Exercise description: Within the entries below, please return exactly the lines from the one with "Складений рятувальний спальний" through the one with "A hyperrealistic 6K", leaving out any pictures.

Task material:
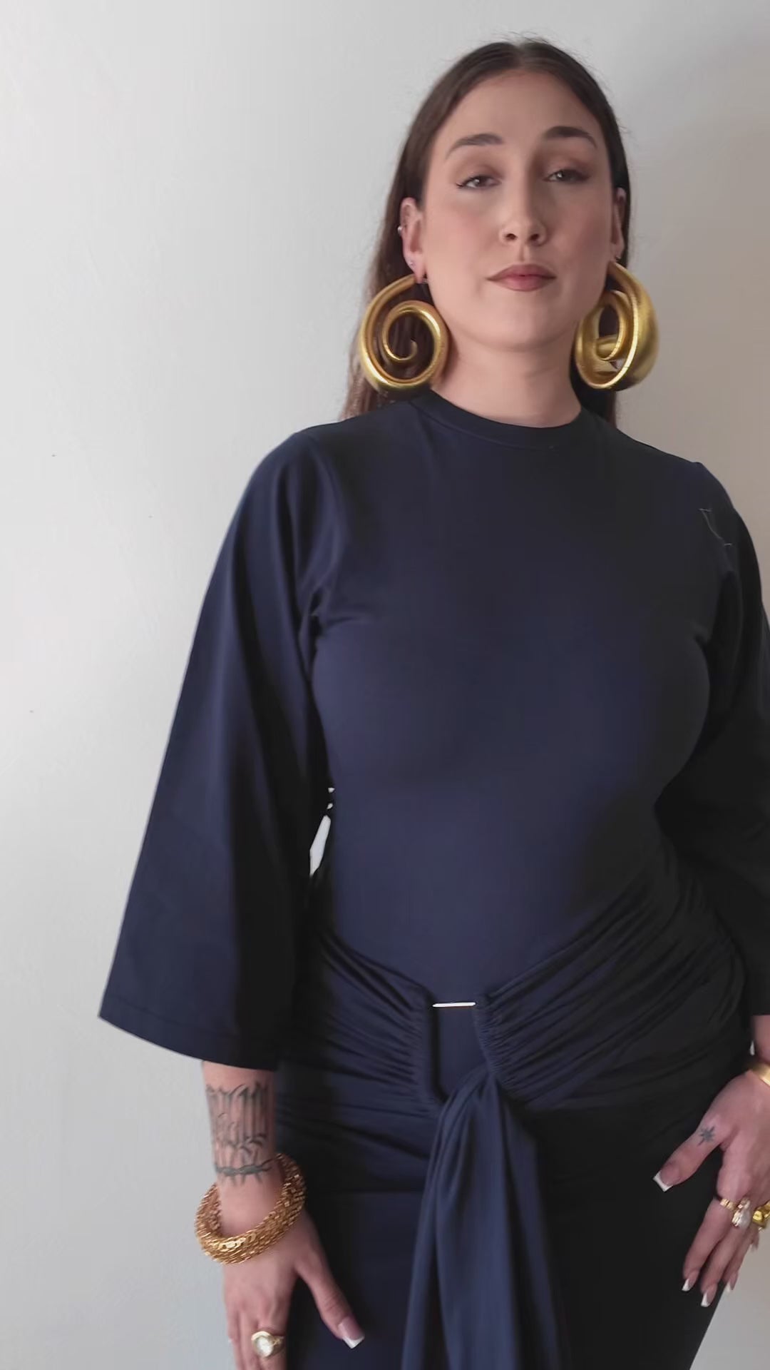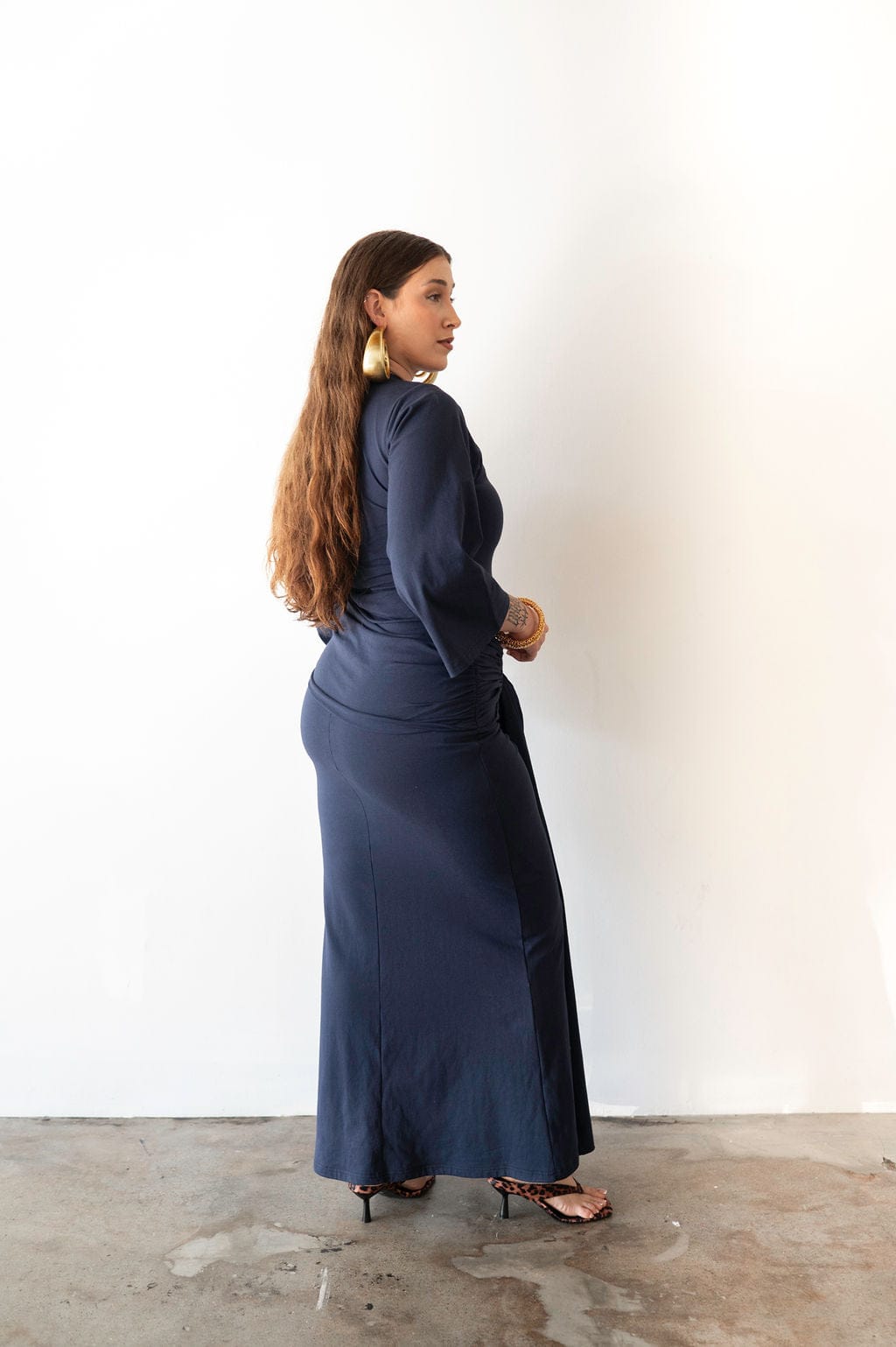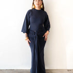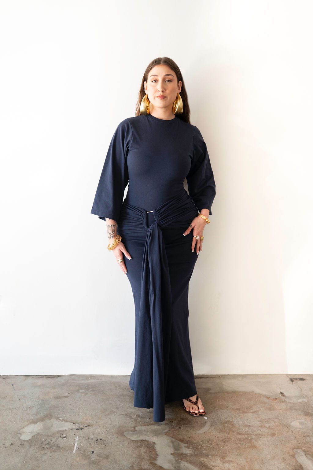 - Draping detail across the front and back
--
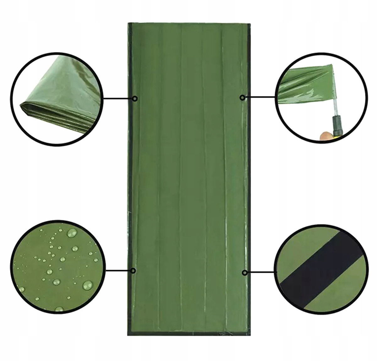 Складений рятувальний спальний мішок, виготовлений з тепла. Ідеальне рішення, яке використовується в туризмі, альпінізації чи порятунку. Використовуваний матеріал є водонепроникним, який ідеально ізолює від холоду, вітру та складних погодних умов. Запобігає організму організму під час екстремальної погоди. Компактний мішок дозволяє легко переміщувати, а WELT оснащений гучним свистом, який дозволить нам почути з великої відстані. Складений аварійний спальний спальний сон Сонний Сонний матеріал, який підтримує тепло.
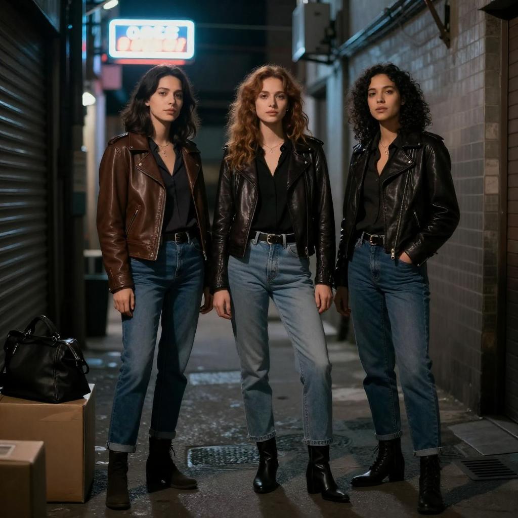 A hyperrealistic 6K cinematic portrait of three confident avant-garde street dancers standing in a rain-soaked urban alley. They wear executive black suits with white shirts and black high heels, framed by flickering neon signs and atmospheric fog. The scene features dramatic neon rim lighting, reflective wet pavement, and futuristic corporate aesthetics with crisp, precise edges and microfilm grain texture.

Exercise response:
 Складений рятувальний спальний мішок, виготовлений з тепла. Ідеальне рішення, яке використовується в туризмі, альпінізації чи порятунку. Використовуваний матеріал є водонепроникним, який ідеально ізолює від холоду, вітру та складних погодних умов. Запобігає організму організму під час екстремальної погоди. Компактний мішок дозволяє легко переміщувати, а WELT оснащений гучним свистом, який дозволить нам почути з великої відстані. Складений аварійний спальний спальний сон Сонний Сонний матеріал, який підтримує тепло.
 A hyperrealistic 6K cinematic portrait of three confident avant-garde street dancers standing in a rain-soaked urban alley. They wear executive black suits with white shirts and black high heels, framed by flickering neon signs and atmospheric fog. The scene features dramatic neon rim lighting, reflective wet pavement, and futuristic corporate aesthetics with crisp, precise edges and microfilm grain texture.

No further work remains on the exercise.